Nachdem die Plätze eingenommen wurden, machte sich der allgemeine Durst breit. Also führte der nächste Gang an die Tränke. Hier folgte das dritte Staunen aller Reisenden. 20 Kronen für das frisch gezapfte Bier, 15 für AFG´s (Zillis Fassbrause lässt grüßen) und 40 Kronen für die Klobasa. Umgerechnet 90 Pfennige für das 0,4 Liter Bier. Klar, dass bei dem eine oder anderen Mitreisenden alle Dämme brachen und sich dem völlig unkontrollierten Bierkonsum hingegeben wurde. Das dabei auch die Manieren auf der Strecke blieben und somit Fremdschämen angesagt war, muss nicht extra erwähnt werden. Das Bier hat geschmeckt, die Fassbrause ebenso. Die Klobasa wurde mit Senf, Meerrettich und sehr feinem Brot dargereicht. Wer noch keine Klobasa gegessen hat, sei kurz erklärt, dass es sich dabei um einen fettigen Knacker handelt, der in noch mehr Fett gebraten wird, bis die Wurst fast schwarz ist. Der Anbiss war so knackig, dass man aufpassen musste, seinen Vorder-, Neben- und Hintermann nicht vollzusuppen. Im Geschmack erinnert diese Spezialität ein wenig an Pusztaknacker. Leichter Paprikageschmack, fast schon pikant und mit dem Senf und Kren in Verbindung mit dem äußerst leckeren Brot einfach nur zum Niederknien! Diese Geschmackserlebnis konnte für umgerechnet etwas mehr als 1,30 €uro erstanden werden.
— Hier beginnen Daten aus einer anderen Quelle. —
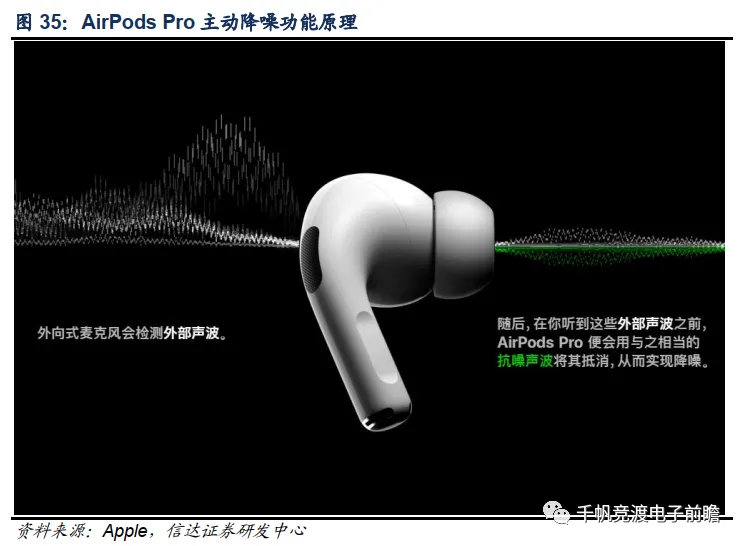 主动降噪主要用于播放音频,通过耳机监听检测环境噪音,然后发出相位相反强度相等的声波,二者叠加后噪音被抵消。要实现这样的功能耳机需要一个外向式麦克风用于接收环境噪音,而对信号的处理需要一定的时间因此需要靠主控芯片通过一定的算法对未来噪音进行一个预测,然后在噪音到来的同时播放一个相反的声波将其抵消。部分高端产品还有一个内向式麦克风,用于监听实际播放的声音,进行反馈,实现进一步的校准和优化。目前苹果、络达、恒玄、高通、瑞昱等厂商的最新TWS芯片均已经支持主动降噪功能,这也是各家厂商提升用户使用体验的发力点。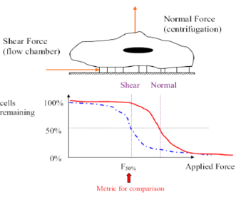 | Centrifugation Assay (Normal Force) | 1. cell seeded 24 well plate, w surface coating, specified time 2. plate inverted in centrifuge MEASURES: cells attached vs. applied Force |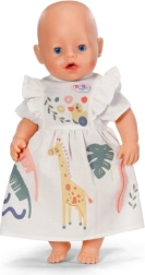 Forkæl din dukke med et stilfuldt sommeroutfit. Den hvide kjole med farverige junglemotiver og en sød giraf har en luftig pasform, fine flæser på ærmerne og er nem at tage på. Perfekt til opfindsom, alsidig og langvarig leg.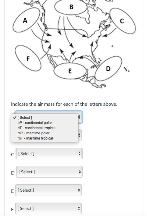 Solved B A F E D Indicate The Air Mass For Each Of The Chegg Com
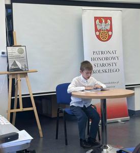 Naszą szkołę reprezentowało dwoje uczniów: Antonina Stefańska IV b i Stanisław Protopopow IV a. Podczas konkursowych zmagań uczestnicy interpretowali fragmenty książki Adama Wajraka „Lolek” - opowieści o przyjaźni i miłości do zwierząt.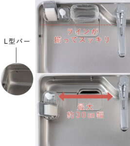シンクにL型のバーがついていて、小物置きやごみポケットを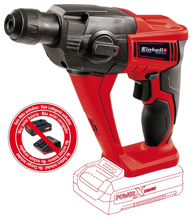 Batteridrevet borhammer med kraftig motor, metallgirkasse og pneumatisk hammermekanisme for uanstrengt skruing, boring og slagboring, selv i betong. Universal SDS-Plus-borchuck for hurtig tilbehørsskift. Solo - batteri og lader kjøpes separat.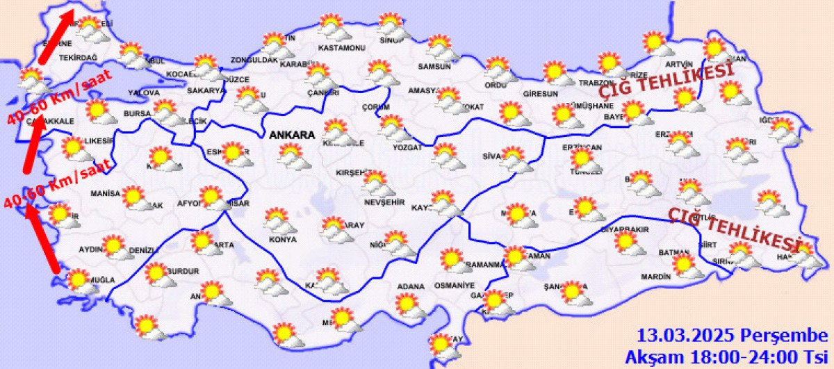 Parçalı ve az bulutlu geçeceği tahmin ediliyor. Sabah ve gece saatlerinde bölgenin doğusunda buzlanma ve don olayı ile birlikte pus, yer yer sis bekleniyor. Bölgenin yüksek ve eğimli yamaçlarında çığ tehlikesi bulunmaktadır.

Fehlt eigentlich noch die Tribünenbewertung. Die Anreise erfolgte wie schon ausführlich erwähnt mit dem Auto. Eine großartige Parkplatzsuche erübrigte sich dank pünktlicher Anreise und großzügiger Freifläche in direkter Stadionnähe. Das Stadion selber, konnte mit einer großen überdachten Tribüne auf einer Seite aufwarten. Auf der gegenüberliegenden Seite stand nur das Funktionsgebäude, in dem die Umkleidekabinen untergebracht sind. Ansonsten gibt es eine Laufbahn und einen kleinen abgezäunten Gästekäfig. Alles in allem eine schicke Angelegenheit. Auch die Atmosphäre konnte überzeugen. Der einzige Trommler, welcher mitten unter den Fans saß, bediente sein Musikinstrument fast durchgängige 90 Minuten. Zwei andere Zuschauer nervten mit riesigen Ratschen, welche sonst eigentlich nur vom Skispringen bekannt sind. Der Ton liegt mir jetzt noch im Ohr und der Tinitus konnte erst am Abend aus dem Gehörgang entfernt werden. Trotzdem ein nettes Spiellokal und somit verdiente 4 von 5 Tribünen.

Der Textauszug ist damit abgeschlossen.